Geographical expansion is key to LiDCO's capacity to address the
worldwide opportunity for sales of its technology. A key focus for
geographic expansion is the US, which is the largest market for
hemodynamic monitoring. Pre-pandemic HUP revenues in the US grew at
a two year CAGR of 65% and, given the substantial pipeline of
opportunities, generated by a relatively small commercial resource,
the Board believes that there is the opportunity for good returns
by expanding its commercial operations in the US to accelerate
revenue growth further. The Board's intention is to gradually
invest existing cash resources to start this expansion with a goal
of more than tripling LiDCO's market share in the US to 10% within
the next five years. The timing and pace of this expansion will
depend upon the Board's assessment of the effect of COVID-19 on
market receptiveness.
The Group continues to explore corporate partnerships which
would expand LiDCO's commercial reach and drive increased returns
from its technology.
LiDCO will continue to invest in research and development to
maintain its technology leadership and deliver further
differentiation of LiDCO's offering. The Group continues to work on
developing its next generation algorithms including exploring the
use of artificial intelligence by applying machine learning to
analyse data and provide assistance to clinicians.
The Board believes that the quality of LiDCO's products, along
with promotion of its highly differentiated and attractive SaaS HUP
model for customers with high annual usage, has the potential to
drive significant market share gains in the US and other target
markets.
Excellence in product design, manufacturing and sales and
marketing are at the core of LiDCO's values. Patent protection is
sought where possible for LiDCO products, the efficacy of which
continues to be supported by a growing body of data showing their
clinical benefit and cost-effectiveness.
Brexit and the end of the Transition Period
The Board continues to follow the progress of the trade
negotiations and has actioned plans in case the transition period
ends without a trade agreement.
The Board continues to hope that a no deal situation will be
avoided but is reassured by the steps already taken by management.

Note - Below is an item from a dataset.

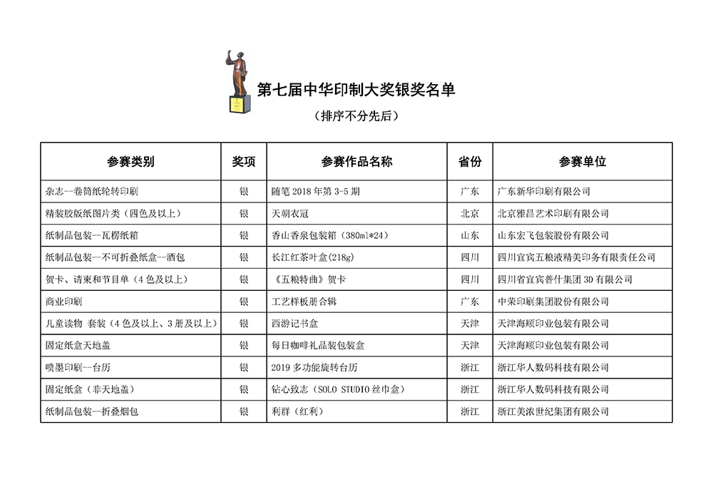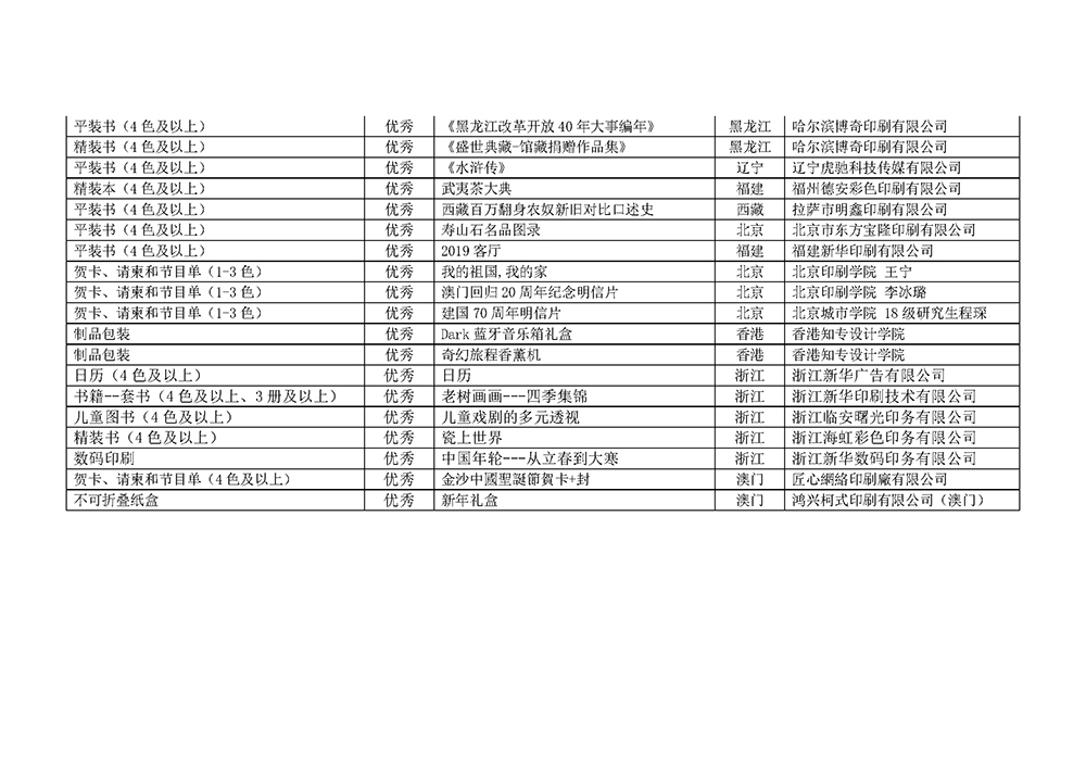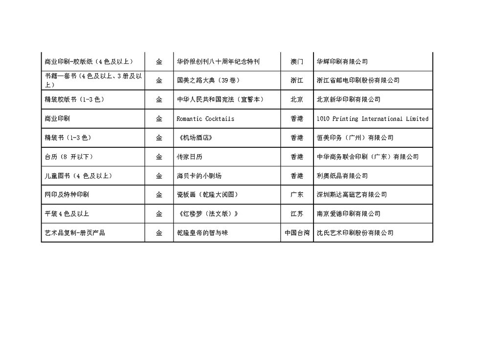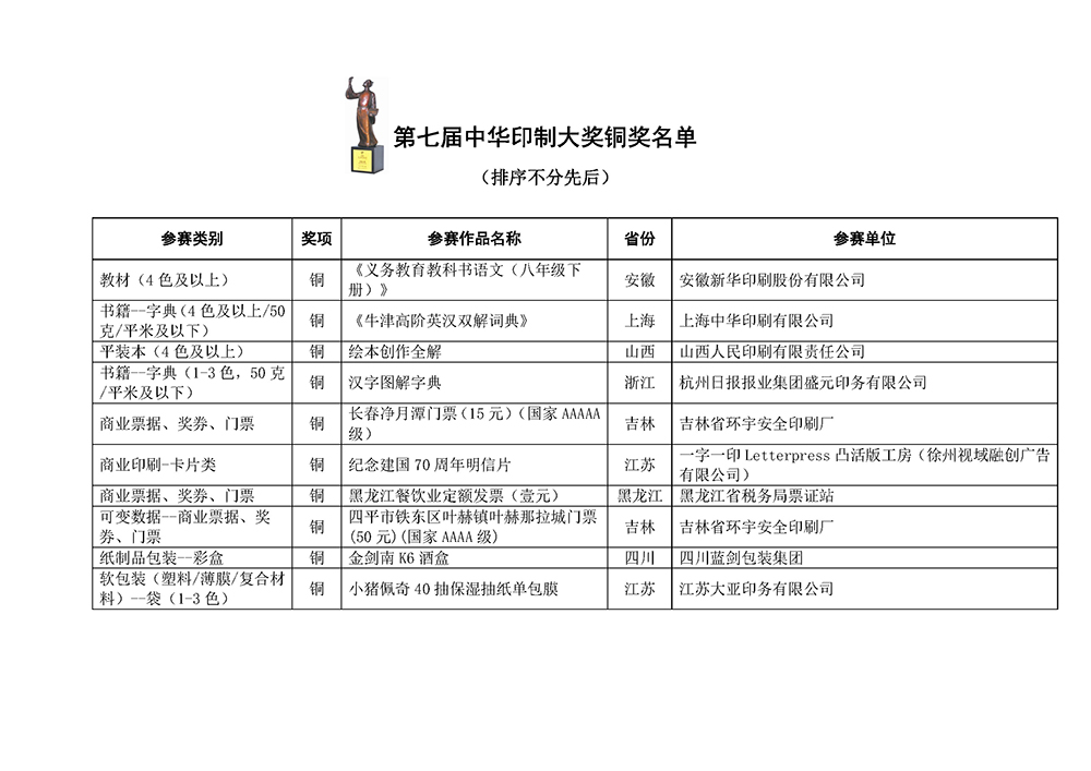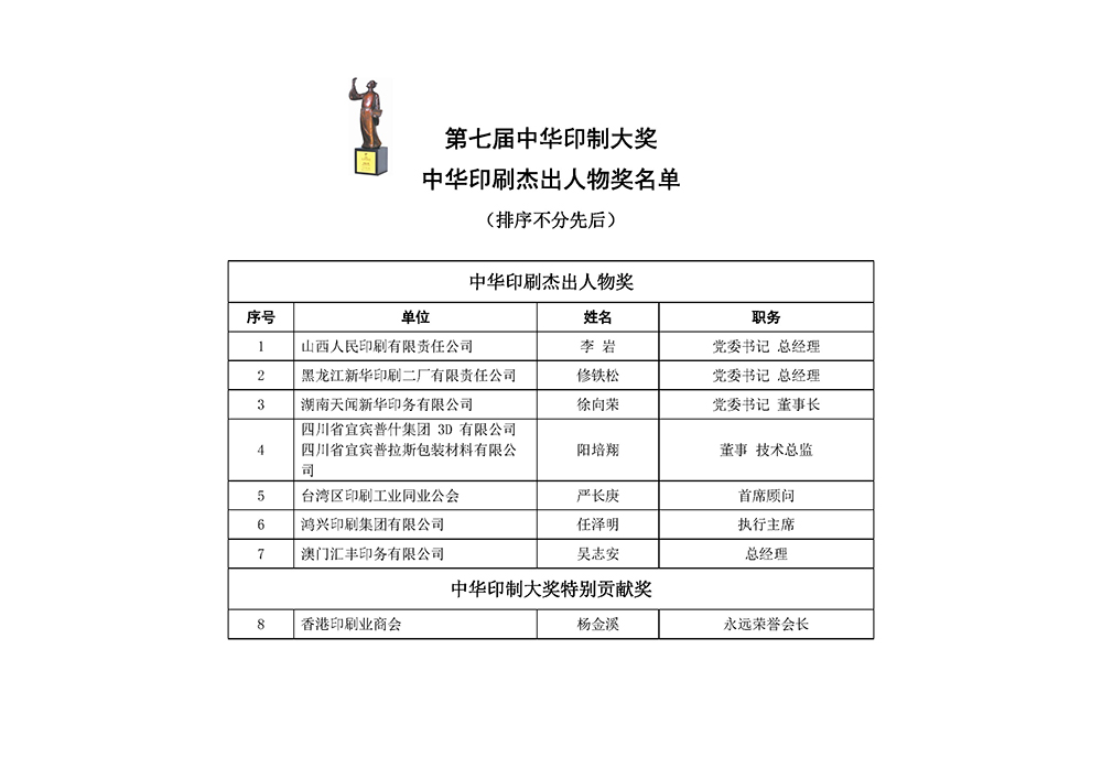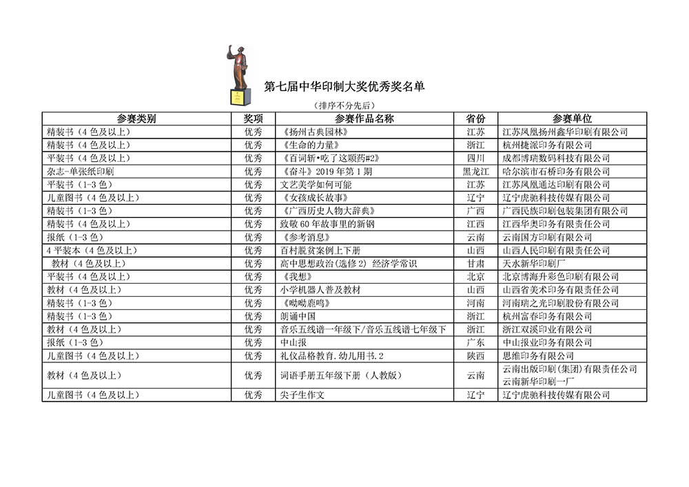 第七屆中華印制大獎獲獎名單公示
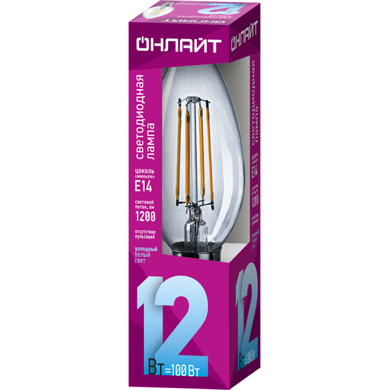 Филаментная лампа ОНЛАЙТ. Форма C35. Мощность 12 Вт. Прозрачная колба. Нейтральный свет 4000К. Цоколь E14. Поток 1200 лм.

The Board believes that a no deal scenario will have no material
impact on staffing and talent retention.
Premises
During H1, the Company exited its former premises in Orsman
Road, London and completed lease agreements on two more suitable
premises: a serviced office in central London for administrative
staff; and a facility in north London for logistics and production
activities. Despite considerable disruption caused by the COVID-19
pandemic, the move was completed ahead of the budgeted timeframe
due to the hard work and dedication of those employees involved.
The costs of the move were more than covered by compensation
received from the landlord of the Orsman Road premises for agreeing
to an early lease termination - as set out in Note 8: Exceptional
Income and Expense. The change of premises is not expected to have
a material impact on the on-going operating costs of the
business.
Outlook
The COVID-19 pandemic has reaffirmed the importance of
hemodynamic monitoring when treating critically ill patients. By
being able to respond to the surge in demand, LiDCO has benefited
from a significant increase in sales, cash and installed base, with
the potential for increased recurring revenues in the future. The
pipeline of opportunities, especially USD 5m of potential HUP
contracts in the US, remains significant and more attractive than
ever as hospitals face a backlog of surgical procedures at the same
time as unprecedented financial pressures.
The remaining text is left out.